Why create a reverse function when we already have it in the Swift standard library? My solution (derived from Leo Dabus'):

extension Array {
    mutating func rotate(positions: Int, size: Int? = nil) {
        let size = size ?? count
        guard positions < count && size <= count else { return }

        self[0..<positions].reverse()
        self[positions..<size].reverse()
        self[0..<size].reverse()
    }
}

Answer 3

To be complete, the rotation function should support negative (right) rotations and rotating more than the array's size

extension Array 
{
    mutating func rotateLeft(by rotations:Int) 
    { 
       // rotation irrelevant when less than 2 elements
       if count < 2 { return }  

       // effective left rotation for negative and > count
       let rotations = (rotations%count + count) % count 

       // no use rotating by zero
       if rotations == 0 { return } 

       // rotate
       (1..<count).reduce(0)
       { let i = ($0.0+rotations)%count; swap(&self[$0.0],&self[i]); return i }
    }

    mutating func reverse()
    {
       (0..<count/2).forEach{ swap(&self[$0],&self[count-$0-1]) }
    }
}

Answer 4

// a is the array to be left rotated // d is the number of unit for left rotation

func rotLeft(a: [Int], d: Int) -> [Int] {
    var a = a
    for index in 0...(d - 1) {
       a.append(a[0])
       a.remove(at: 0)
     }
    return a
 }

// calling Function

rotLeft(a: [1,2,3,4,5], d: 4)

// OutPut [5, 1, 2, 3, 4]

Answer 5

This solution rotates the element of time complexity O(n)

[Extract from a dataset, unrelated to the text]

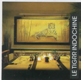
LE TIGRR INDOCHINE

L'Ermitage, le plus ancien hôtel de la station (villa privée du XIX e siècle) s'enri-

func rotLeft(a: [Int], d: Int) -> [Int] {
   var arr = a
   var size = arr.count - 1
   for i in 0...size  {
     let newloc = (i + (arr.count - d)) % arr.count
     arr[newloc] = a[i]
   }
   return arr
}

you shouldn't use .append(x) as in the worst case it can be O(n) and you shouldn't use .remove(at: x) as its O(n) when you can avoid using those methods As when using them you basically get n + n + n which isn't that great

Answer 6

If anybody lands here after watching the Embracing Algorithms WWDC18 session by David Abrahams, here is one of the implementations of rotate from the swift/test/Prototypes/Algorithms.swift file.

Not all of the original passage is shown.